Bei nordischen Hunderassen empfiehlt die Tierärztin außerdem, im Sommer vorbeugend die wärmende Unterwolle regelmäßig auszukämmen. Bei Hunden mit kurzem oder hellem Fell rät Nele Quoos aus der SWR Verbraucherredaktion, spezielle Sonnencremes für Hunde zu nutzen, um die Gefahr eines Sonnenbrands zu reduzieren. Diese Cremes sind tierhautfreundlich und verursachen keine Magenprobleme, wenn sie mal abgeschleckt werden.
Auch fürs Füttern hat Quoos ein paar Tipps: Am besten immer nur morgens oder abends füttern, wenn es kühler ist. Feuchtfutter enthält viel Flüssigkeit, sollte aber bei der Hitze nicht offen herumstehen, weil es dann schlecht wird.
Als Beschäftigung mit Abkühlung eignen sich Kühlspielzeuge für Hunde, beispielsweise Beißringe und Knochen, die man einfrieren kann.

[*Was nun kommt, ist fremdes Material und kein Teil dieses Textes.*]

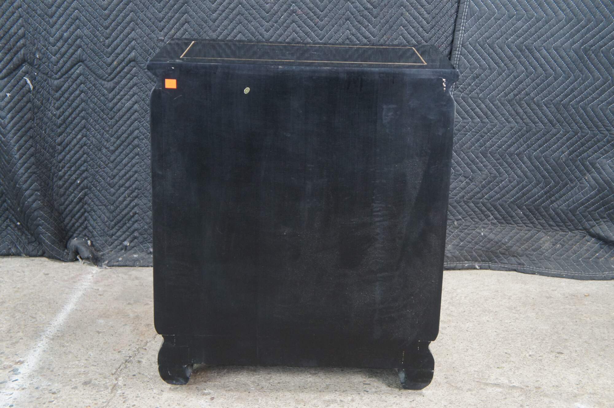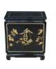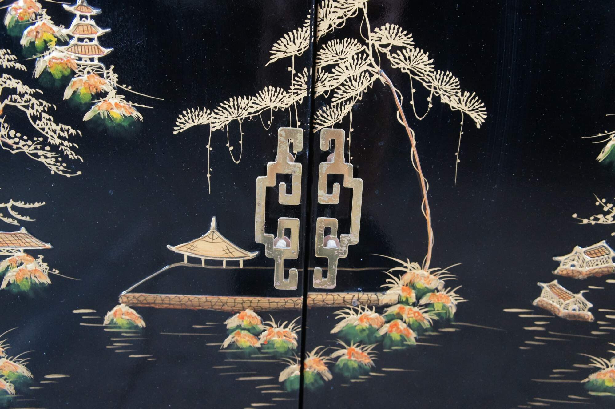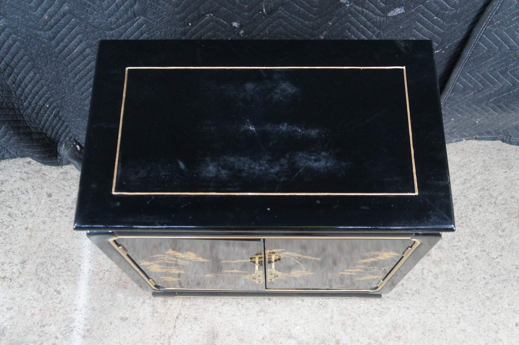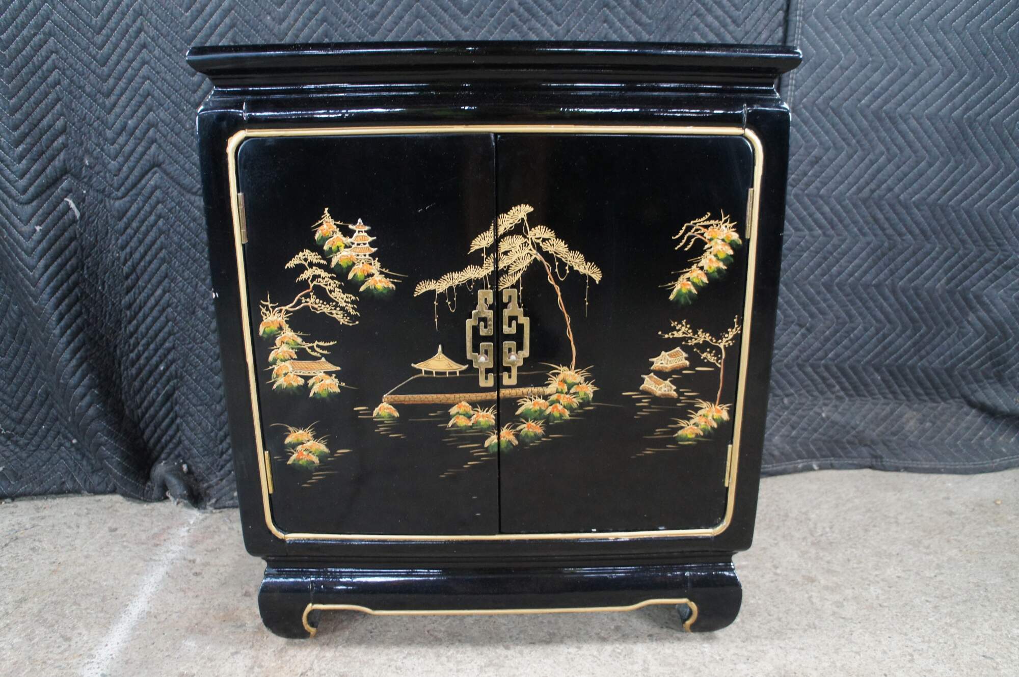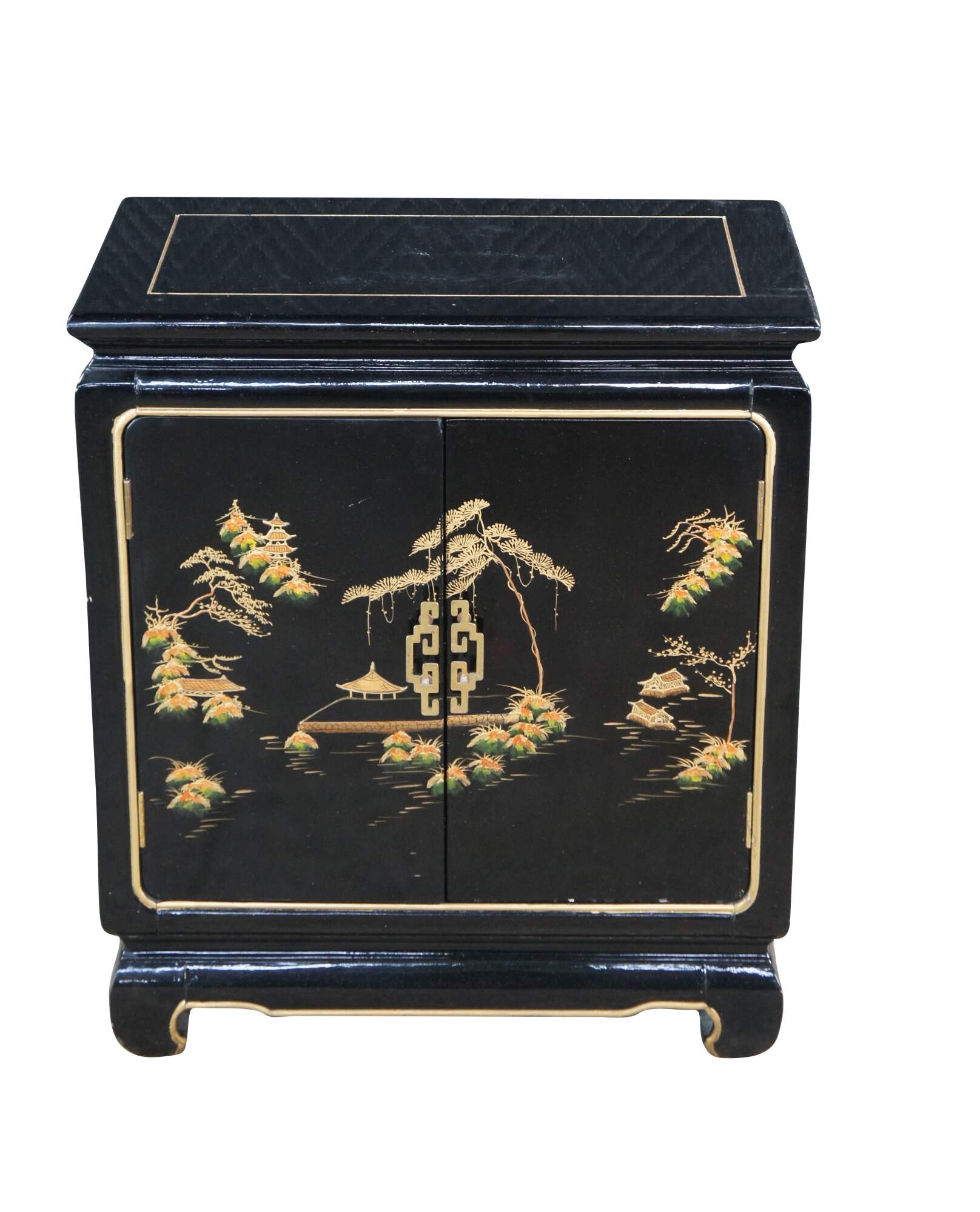 Late 20th Century Chinese Cabinet. Features black trimmed in gold with a geisha scene along the front. The cabinet opens to one shelf for accessory storage.

Haustiere wie Hunde dürfen bei Hitze nicht im Auto bleiben
"Bei großer Hitze hat ein Hund nichts im Auto zu suchen, auch keine fünf Minuten", so die Ärztin. Falls ihr doch unterwegs seid, lasst den Hund niemals alleine im Fahrzeug zurück! Außerdem ist Vorsicht beim Einsatz der Klimaanlage oder von Ventilatoren geboten. Euer Tier kann sich sonst schnell erkälten.